I have noticed that many people have looked but none have responded. I decided to bump it up in the hope of receiving some suggestions.


----------



## Strontium (Sep 16, 2015)

Portugal in a relatively poor country and has 10 million people, 25% in Lisbon 20% in Porto, it has a long and interesting history (I assume you'd have at least read up some of this). There are many many historical places but mainly these are part of everday life not necessary fenced off. The best place for an artist (of a type you don't specify) would be somewhere they can practice their art be that painting of seascapes or Thrash Metal Guitarist so one would be near the sea and the other possible far away from sensitive people. The best place - if you mean the greatest choice - for museums, concerts would be where there is the greatest concentration of people so that's Lisbon - though Porto has a vibrant music scene a bit more alternative then traditional. There's also cultural events like the traditional bull fights and even running bulls through the streets. During the good weather there are many festvals but, as you probably know, a lot of (local) things here are not on the interweb so you have to talk to people in person to discover what is going on. There is a lot of rural undeveloped areas of the country so cycling up and down hills and along tracks through the countryside is possible. In reality only you can decide what you like/dislike and you can only do that by spending time here in different places at different times of the year, what I like (ie bull fighting or Gois Concentracao or BoomFest) as a cultural event may not coincide with what you like so I'll not recommend any to you.


----------



## ElRey2020 (Oct 31, 2019)

Thank you. Yes, I should have indicated what type of artist- Alla Parsons Art We have some familiarity with the history of the region. We have also visited but our travel was limited


----------



## Lusitanian (Jan 3, 2021)

Hi, just a suggestion for you to look into with all your other options.

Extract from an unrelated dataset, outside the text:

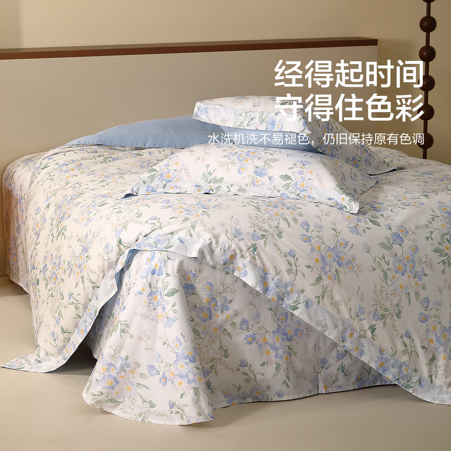 水星家纺60支长绒棉贡缎床单单件裸睡抑菌被单印花床品2025新品

Torres Vedras has an history linked to Portuguese cycling. Several streets in the city were recently adapted to be more bycicle friendly and it's common to see groups of people cycling in the roads around town.

It's also 30 minutes away from Lisbon by car.


----------



## ElRey2020 (Oct 31, 2019)

Thank you. I will certainly look. While Porto seems like an incredible place, we think we want to be in Lisbon or South. Part of this is for the weather but we also have friends in Lisbon


----------